▸ EXERCISE INPUT:
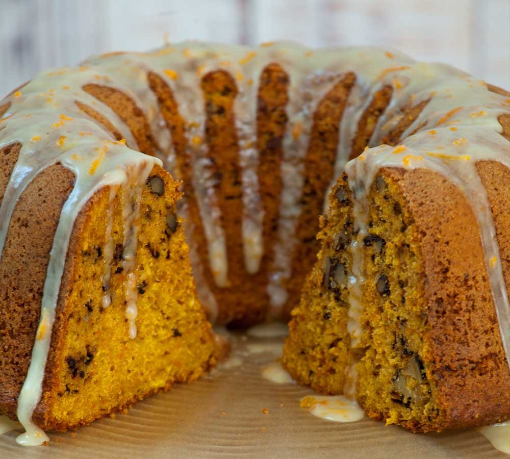 - Vierta la mezcla del vaso en el molde reservado. Hornee durante 60 minutos (180ºC). Retire del horno y deje enfriar en el molde durante 1 hora antes de desmoldar y servir
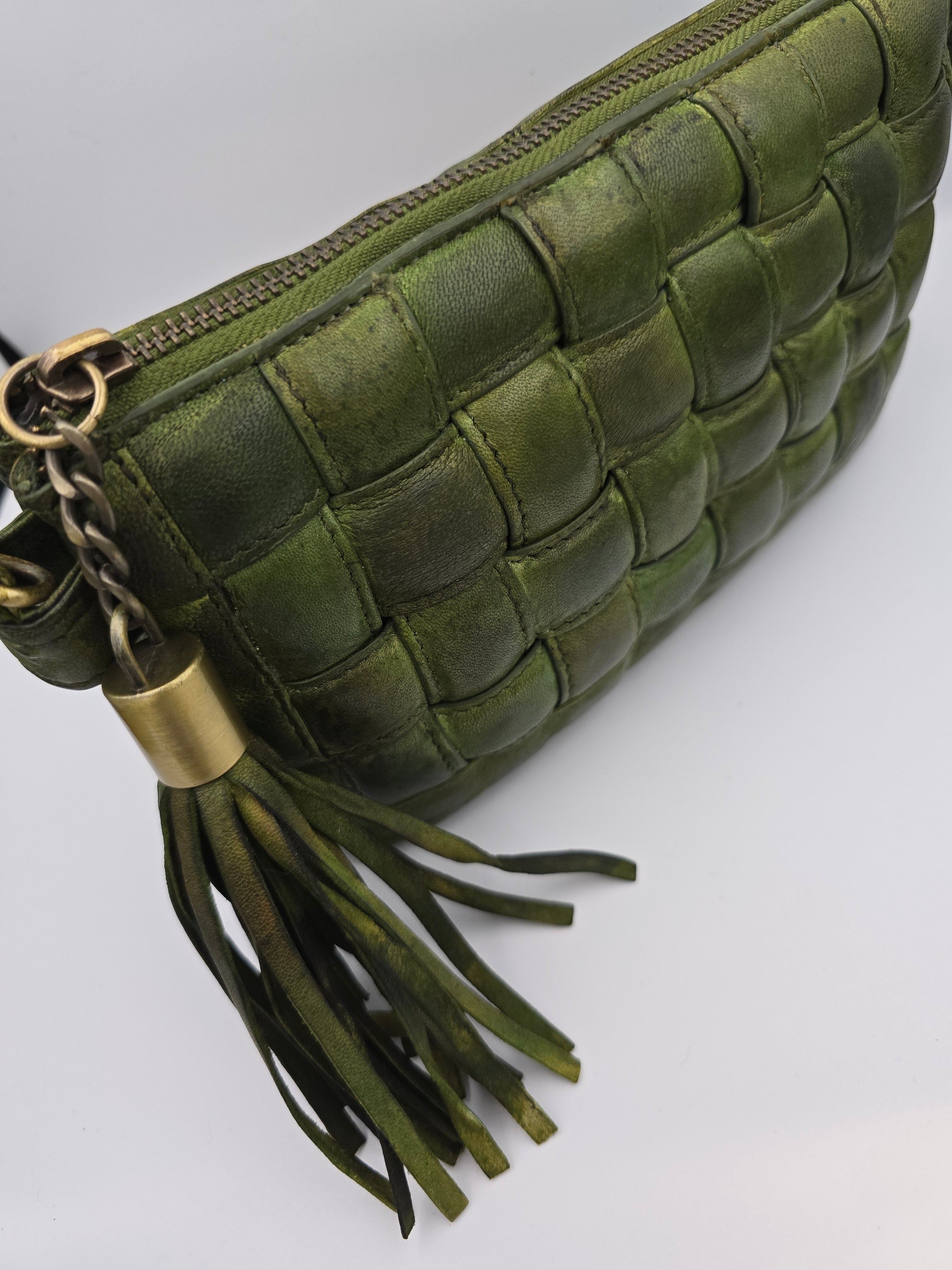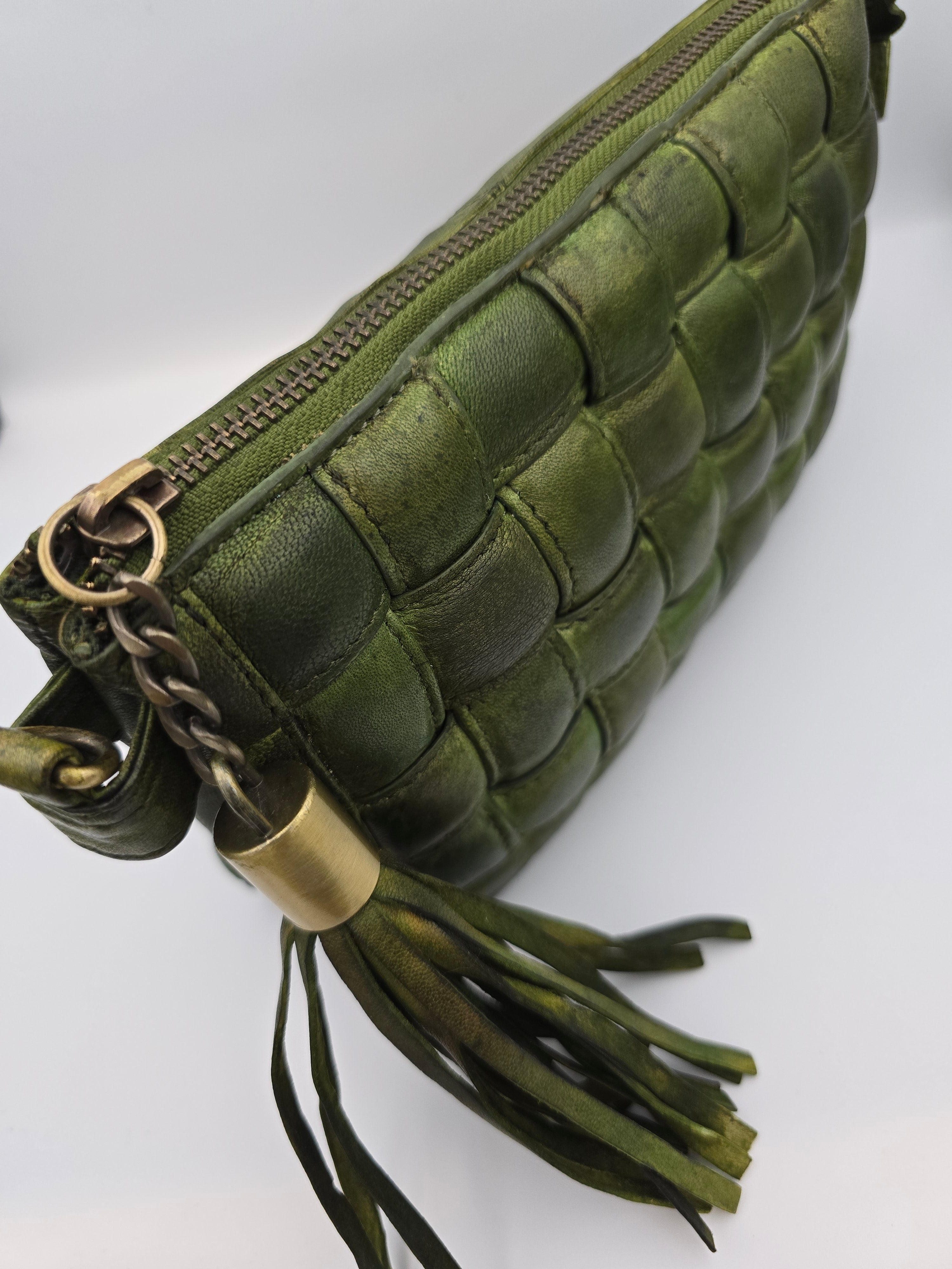 • Smuk taske i skind med stort flet foran. Tasken har to store indvendige rum, en lille lynlåslomme samt en lille kortlomme. Dekorativ kvast på lynlåsen.
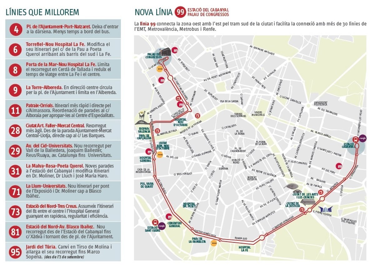 Els canvis també afectaran les línies 73 i 81: la 81 mantindrà la seua freqüència i desdoblarà el seu recorregut --actualment entre Blasco Ibáñez i l'Hospital General-- i arribarà fins a l'Estació del Nord i el carrer Sant Vicent Màrtir.
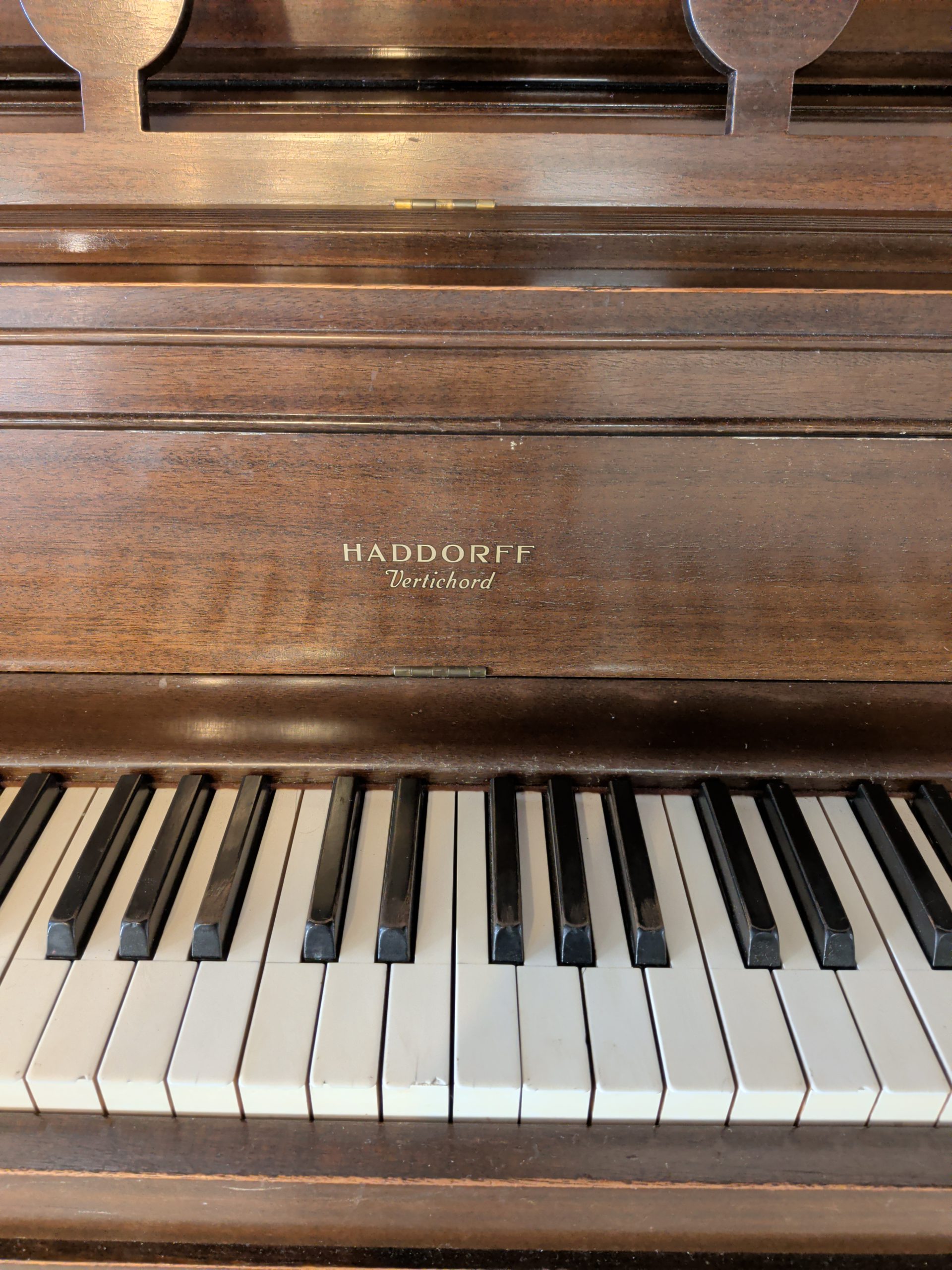 One of Haddorff’s most famous contribution to the piano industry was their introduction of the “Vertichord”, a small upright piano introduced the 1930’s. After World War ll, the Haddorff name was bought by Conn, who shortly thereafter sold the Haddorff name to The Kimball Piano Compay. Kimball discontinued the Haddorff piano brand name around 1960.
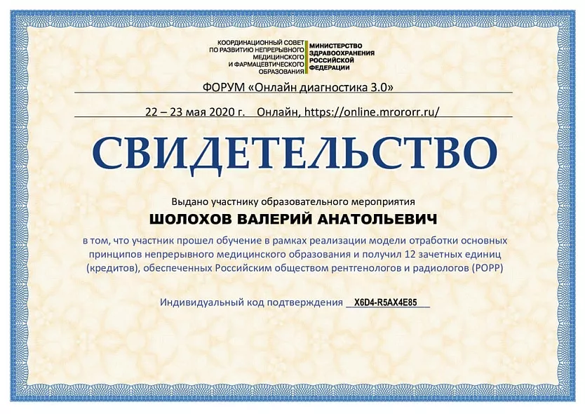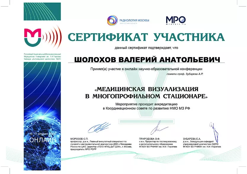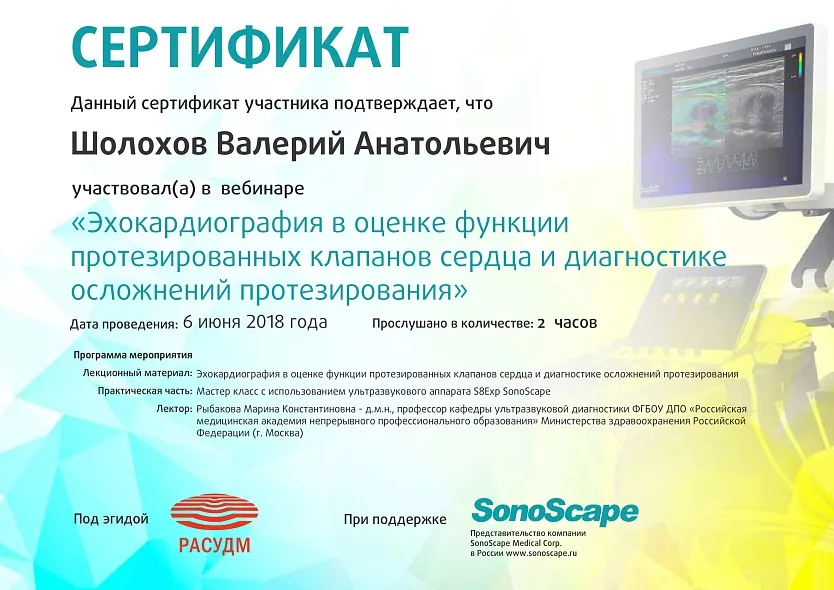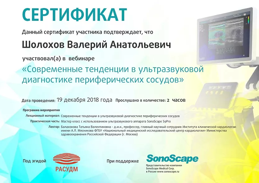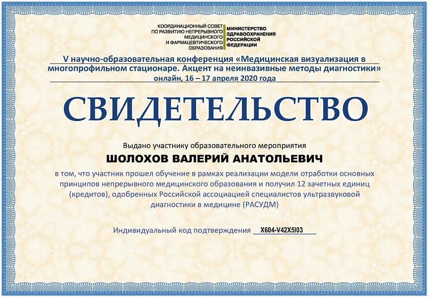 - 1992-1993: курс обучения «Основы ультразвуковой диагностики» ВГМИ кафедра внутренних болезней №2
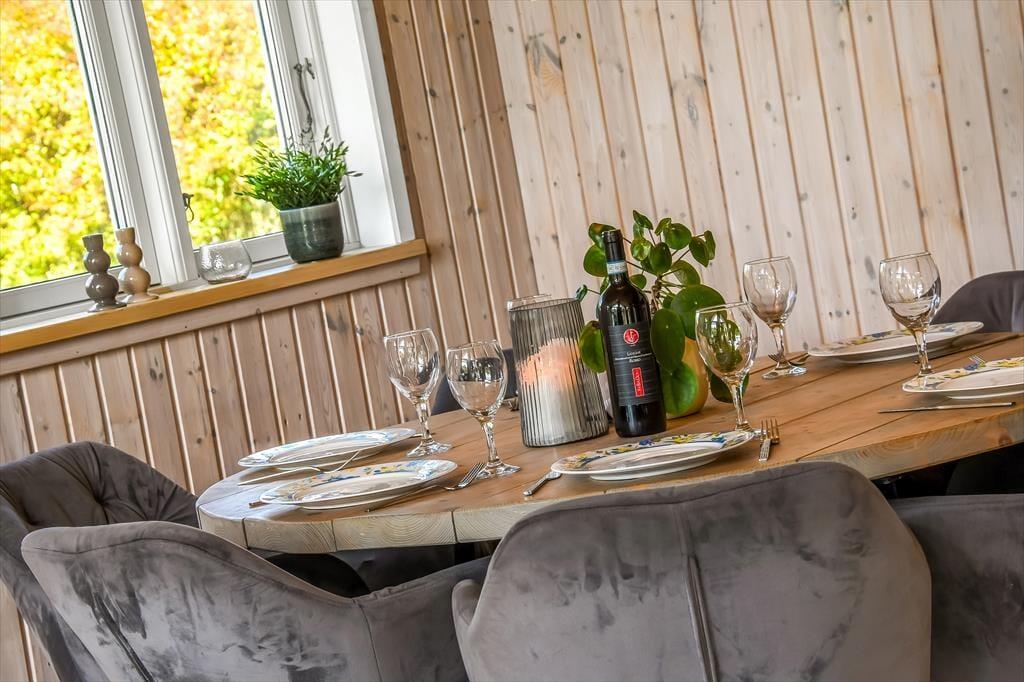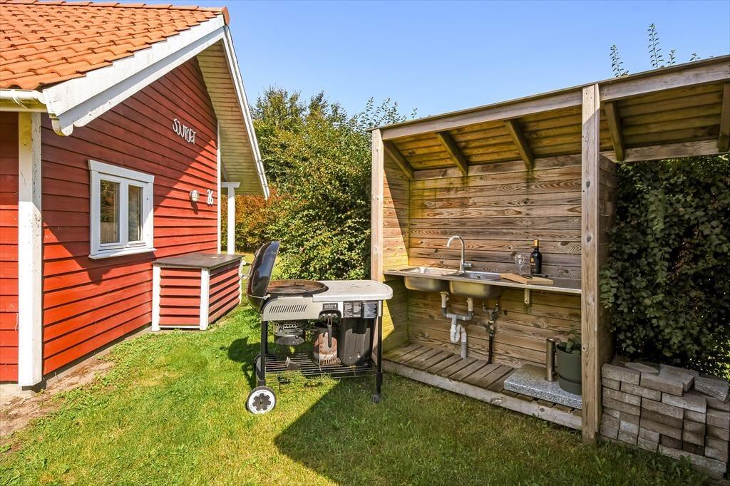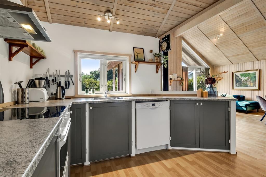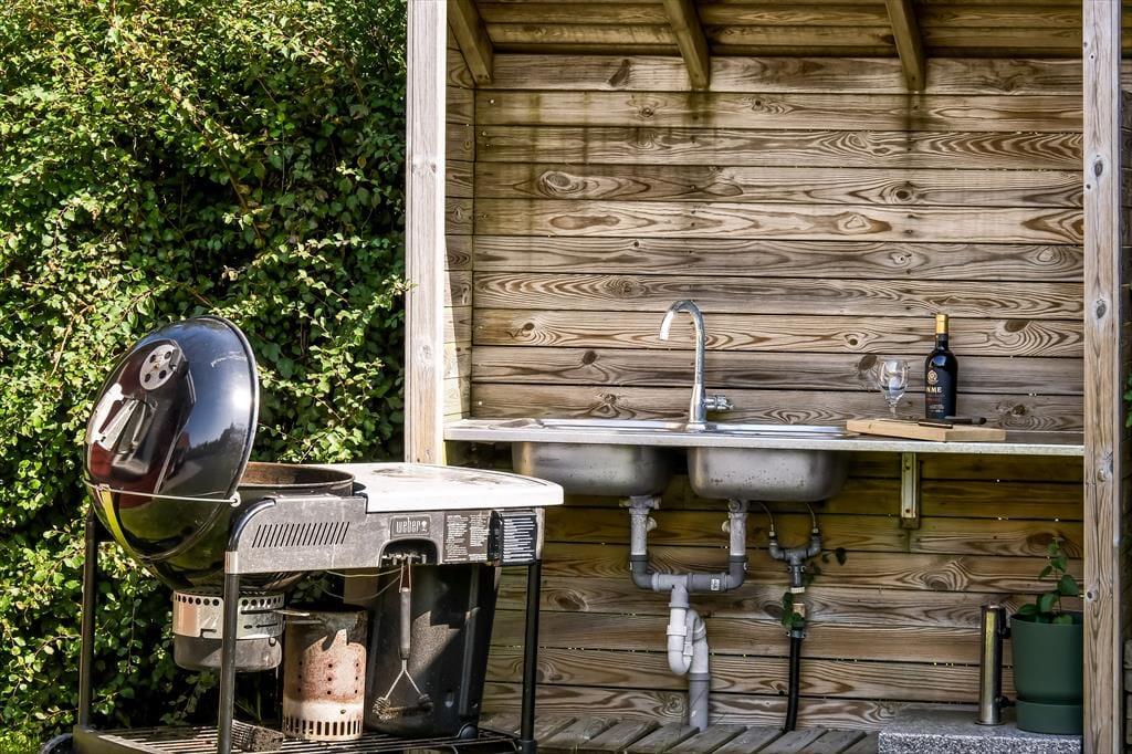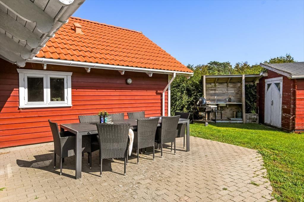 Nicht nur in der offenen Küche bereitest du köstliche Mahlzeiten zu. Unter freiem Himmel stehen dir zusätzlich eine Außenküche und ein Grill zur Verfügung, sodass nichts dagegen spricht, selber gefangenen Fisch, Salate und dergleichen im Freien zuzubereiten. Lange Urlaubsstage lässt du nach einem Abendessen vom Grill bestimmt am liebsten mit einem kühlen Getränk in der Hand auf der Terrasse ausklingen. Tagsüber lädt die Terrasse zu entspannten Stunden auf der Gartenliege ein - unterbrochen lediglich vom ein oder anderen unterhaltsamen Spiel mit den Kindern auf der Rasenfläche. Falls ihr euch ein wenig die Beine vertreten möchtet, könnt ihr zu kurzen oder längeren Erkundungstouren in die landschaftlich schöne, friedvolle Umgebung von Hemmet Strand aufbrechen.

▸ YOUR ASSIGNMENT:
Give back the full listing exactly as written, only without its pictures.

▸ OUTPUT OF THE TASK:
 - Vierta la mezcla del vaso en el molde reservado. Hornee durante 60 minutos (180ºC). Retire del horno y deje enfriar en el molde durante 1 hora antes de desmoldar y servir
 • Smuk taske i skind med stort flet foran. Tasken har to store indvendige rum, en lille lynlåslomme samt en lille kortlomme. Dekorativ kvast på lynlåsen.
 Els canvis també afectaran les línies 73 i 81: la 81 mantindrà la seua freqüència i desdoblarà el seu recorregut --actualment entre Blasco Ibáñez i l'Hospital General-- i arribarà fins a l'Estació del Nord i el carrer Sant Vicent Màrtir.
 One of Haddorff’s most famous contribution to the piano industry was their introduction of the “Vertichord”, a small upright piano introduced the 1930’s. After World War ll, the Haddorff name was bought by Conn, who shortly thereafter sold the Haddorff name to The Kimball Piano Compay. Kimball discontinued the Haddorff piano brand name around 1960.
 - 1992-1993: курс обучения «Основы ультразвуковой диагностики» ВГМИ кафедра внутренних болезней №2
 Nicht nur in der offenen Küche bereitest du köstliche Mahlzeiten zu. Unter freiem Himmel stehen dir zusätzlich eine Außenküche und ein Grill zur Verfügung, sodass nichts dagegen spricht, selber gefangenen Fisch, Salate und dergleichen im Freien zuzubereiten. Lange Urlaubsstage lässt du nach einem Abendessen vom Grill bestimmt am liebsten mit einem kühlen Getränk in der Hand auf der Terrasse ausklingen. Tagsüber lädt die Terrasse zu entspannten Stunden auf der Gartenliege ein - unterbrochen lediglich vom ein oder anderen unterhaltsamen Spiel mit den Kindern auf der Rasenfläche. Falls ihr euch ein wenig die Beine vertreten möchtet, könnt ihr zu kurzen oder längeren Erkundungstouren in die landschaftlich schöne, friedvolle Umgebung von Hemmet Strand aufbrechen.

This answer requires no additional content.